File metadata and controls

536 lines (431 loc) · 14.5 KB

Upstash Vector Python SDK

The Upstash Vector Python client

Note

This project is in GA Stage.

The Upstash Professional Support fully covers this project. It receives regular updates, and bug fixes. The Upstash team is committed to maintaining and improving its functionality.

Installation

Install a released version from pip:

pip3 install upstash-vector

Usage

In order to use this client, head out to Upstash Console and create a vector database. There, get the UPSTASH_VECTOR_REST_URL and the UPSTASH_VECTOR_REST_TOKEN from the dashboard.

Initializing the Index

from upstash_vector import Index

index = Index(url=UPSTASH_VECTOR_REST_URL, token=UPSTASH_VECTOR_REST_TOKEN)

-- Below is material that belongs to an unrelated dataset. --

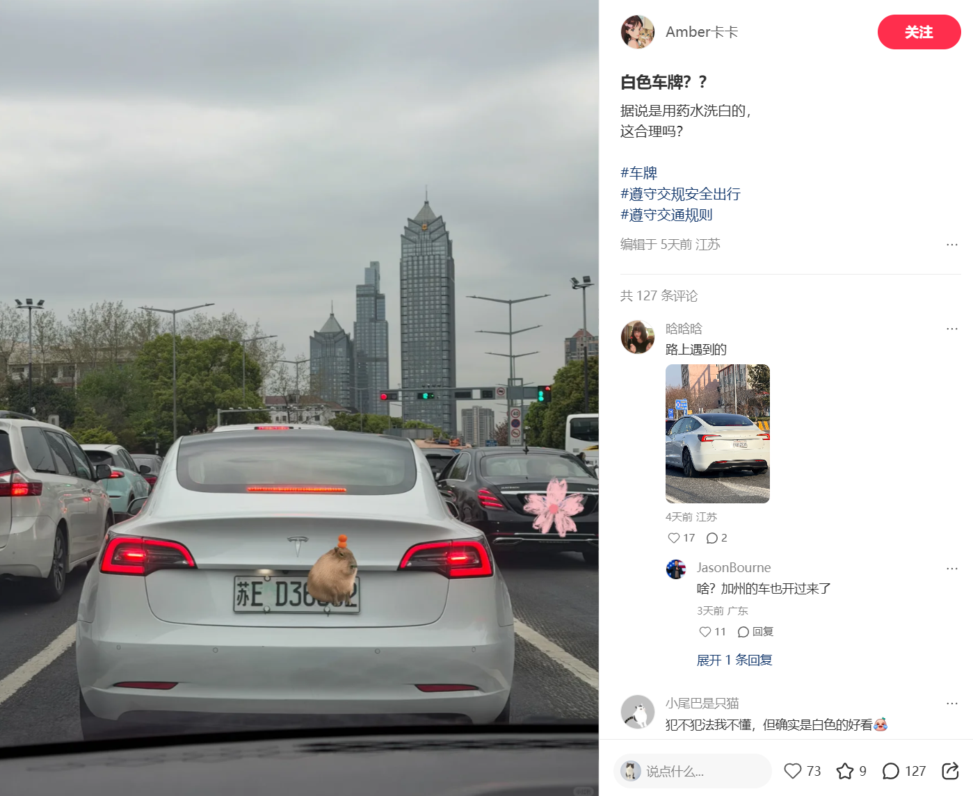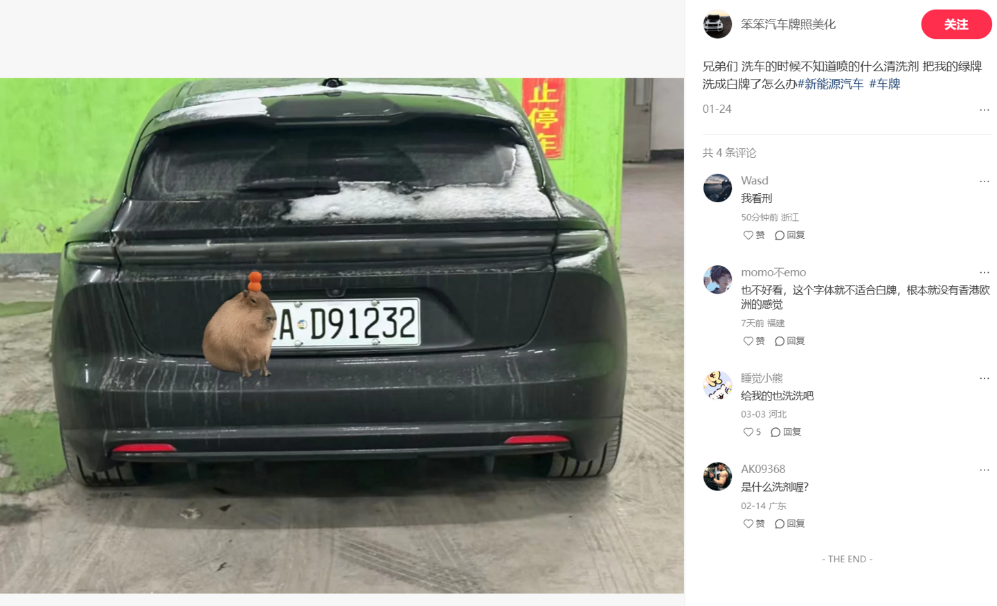 未经允许不得转载:紫竹林-程序员中文网 » 新能源车牌绿色变白色,网传“做旧褪色”教程引热议

or alternatively, initialize from the environment variables

export UPSTASH_VECTOR_REST_URL [URL]
export UPSTASH_VECTOR_REST_TOKEN [TOKEN]
from upstash_vector import Index

index = Index.from_env()

Upsert Vectors

Vectors can be upserted(inserted or updated) into a namespace of an index to be later queried or fetched.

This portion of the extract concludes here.